Photographer talks ‘clicks’ of the trade

By Ashley Traupman

Jim Stone became a photographer to run away from being an engineer.

“At first photography was just something I had passion for. It took me eight or ten years for me to realize there was a way to make a life out of it,” Stone said.

Stone said he was first exposed to photography in college while enrolled in engineering at the Massachusetts Institute of Technology. He wanted to make art or express himself in some way, and found a relation between photography and engineering.

“At the time I was studying engineering and I had always been good at and had an interest in taking things apart and putting them back together and trying to figure out why they work,” he said. “So there is the technological side to photography that appealed to that side of me. I was also interested in doing something creative and essentially make art or express something. Photography simultaneously satisfies both the things, at the time, I thought I needed to be doing with my life.”

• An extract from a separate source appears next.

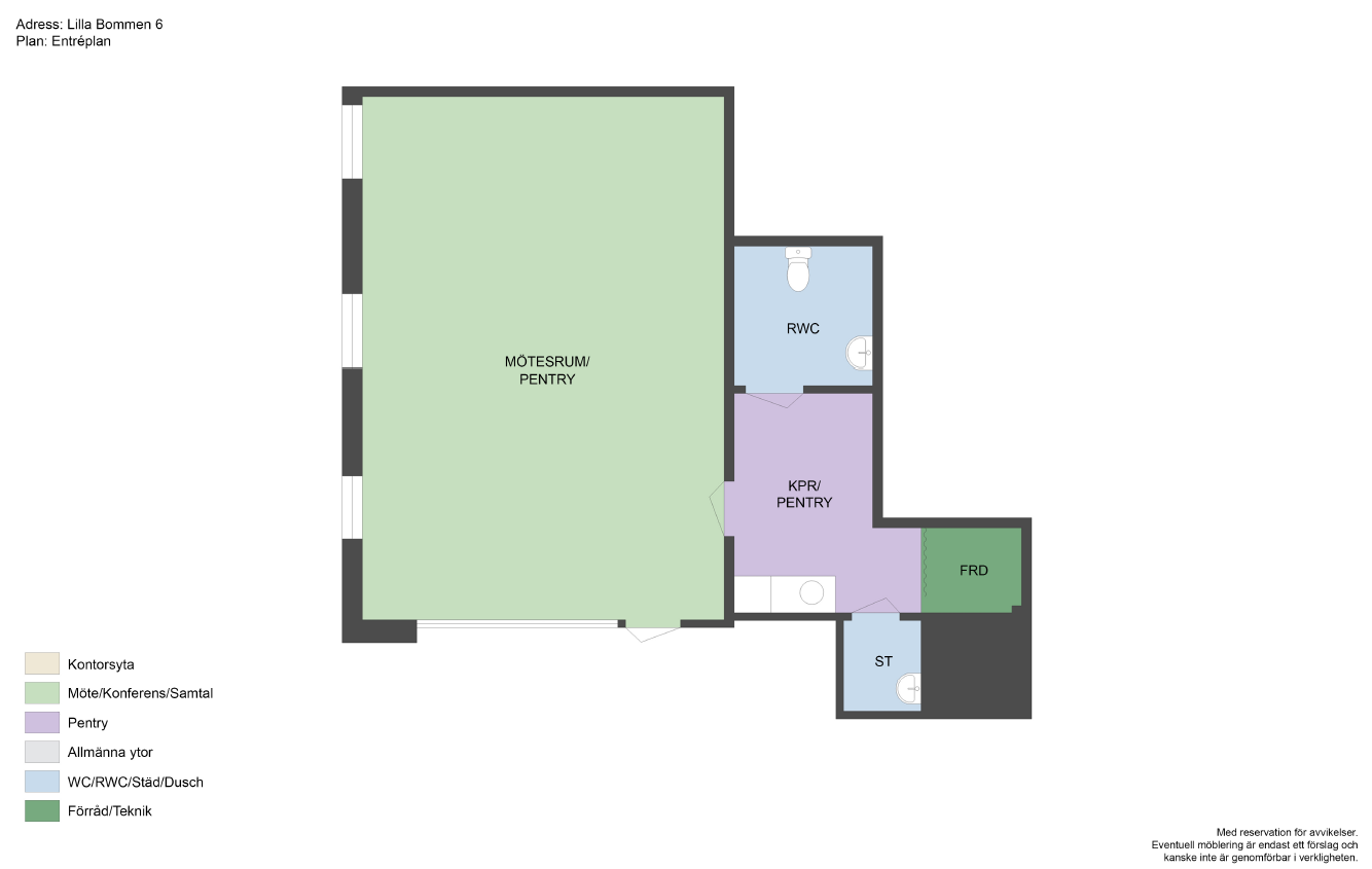 De stora fönsterpartierna ger ett fint ljusinsläpp och skapar en trivsam arbetsmiljö. Lokalen är lämplig för mindre företag som söker en representativ arbetsplats i centrala Göteborg.

Stone spoke with the Department of Visual Arts last night as a part of the second annual visiting artist lecture series, which allows professors to invite speakers to the university.

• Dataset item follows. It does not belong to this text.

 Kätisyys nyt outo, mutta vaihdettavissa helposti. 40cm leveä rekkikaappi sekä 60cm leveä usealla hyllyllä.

Neal Rantoul, a Northeastern photography professor, invited Stone, his longtime colleague and friend.

Rantoul said he thinks the lecture series is important for art students and the university because of the broad appeal.

“This series is wonderful for our students because it lets them see and listen to professionals in art fields,” Rantoul said. “It’s wonderful for the university because it brings in people from outside the department. It expands what we do in the department out to a larger community.”

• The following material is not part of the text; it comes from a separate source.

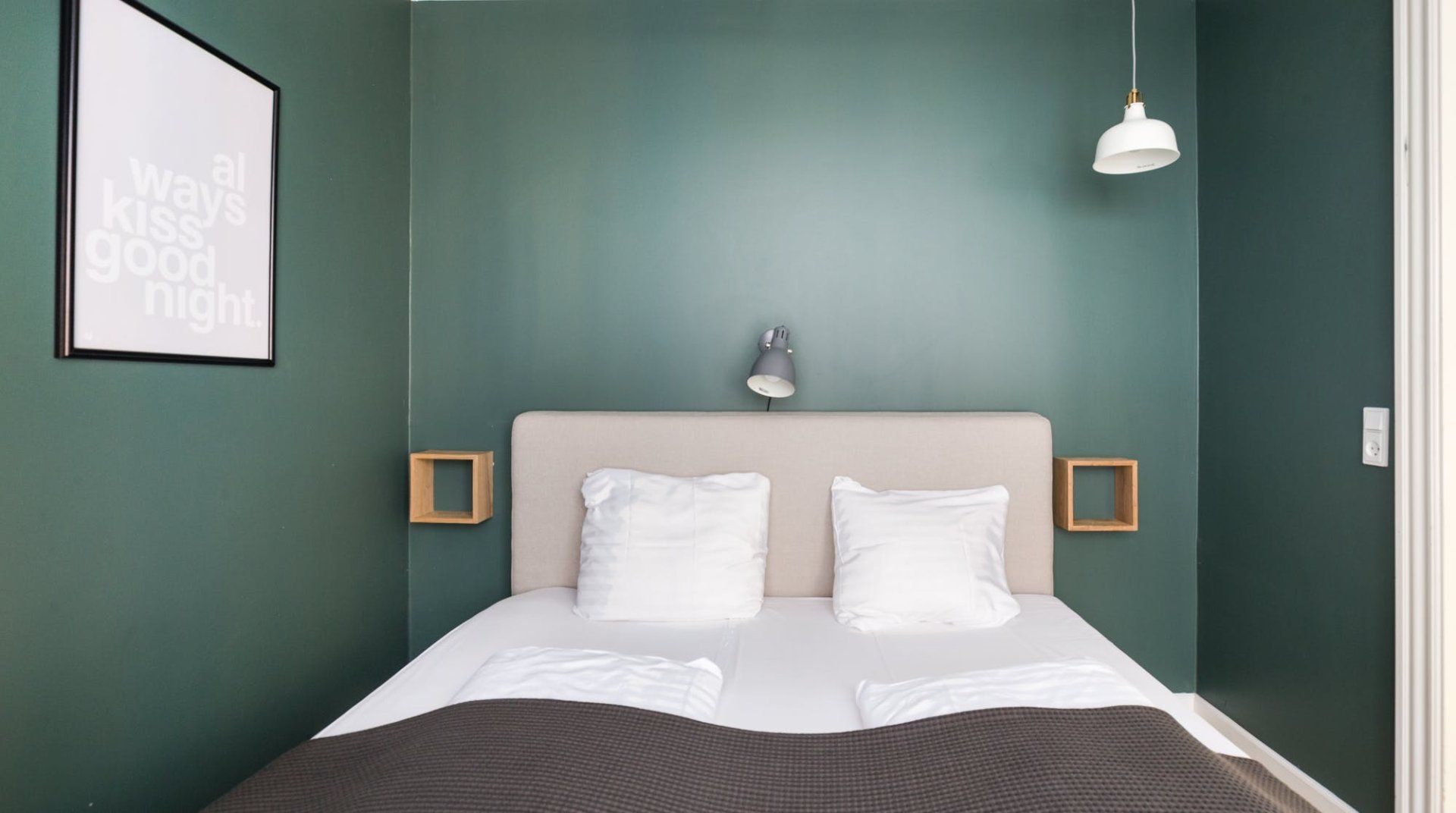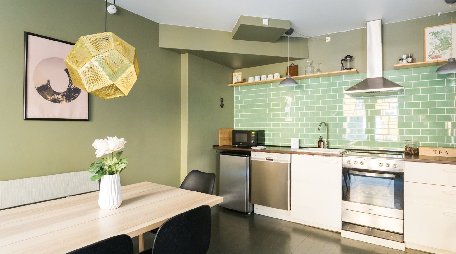 A whirlwind of green hues, this snug home brings an instant smile to our faces. It's warm and comfortable, with a large dining table perfect for sharing family meals and a cosy sitting area where you can kick back and relax with a glass of wine and Netflix. A small collection of books and board games only add to the homey feel, as do the large windows which flood the lounge with natural light. One of the bedrooms is rather tiny and the bathroom isn't the biggest we've seen, but the brilliant location more than makes up for it. We love this area's historic charm and quiet streets, yet buzzing restaurants, cafes and shops are all a short stroll away. You're also within walking distance to many of Copenhagen's most beloved sights – Amalienborg Palace, Nyhavn, The Little Mermaid, Frederik's Church, you name it, chances are you can get to it easily. Best of all? The Danish queen lives just down the road, so if it's good enough for royalty, it's good enough for us.

Stone is presently a photographer and associate professor in the art and art history departments at the University of New Mexico, Albuquerque. He is also an author and has written four books and co-authored others.

Stone, who sat behind his computer at a desk in the corner of the room, showed a slideshow of many of his pictures while discussing the meaning of each. The titles of these pictures, like “Blind folk singer: Rochester, New York,” are detailed, similar to what would be expected of a photo caption, telling the who, what and where of the picture.

Stone said he wanted his presentation to be more than just the photographs, and explained the deeper meaning behind his body of work.

“The point of my presentation is that you can be lost for a while and find something you need and figure out a way to make a life out of it,” he said.

Maria Fabila, a junior multimedia and graphic design dual-major, thought this was the most important part of Stone’s presentation.

“It was really nice to hear him say do what you want to do and to keep doing it if it makes you happy,” she said. “I know my parents weren’t really happy with my decision for school. If I enjoy it, if I’m doing good work, then that’s what is important to me.”

Some students in attendance were required to be present for a class, but said they still took a lot from the presentation.

“I’m an animation major and it seems a lot of the time we are kind of disconnected from people who study the other concentrations of art,” said junior David Soto. “So when you come somewhere like this you get exposure to other mediums, other forms of expression, you normally wouldn’t.”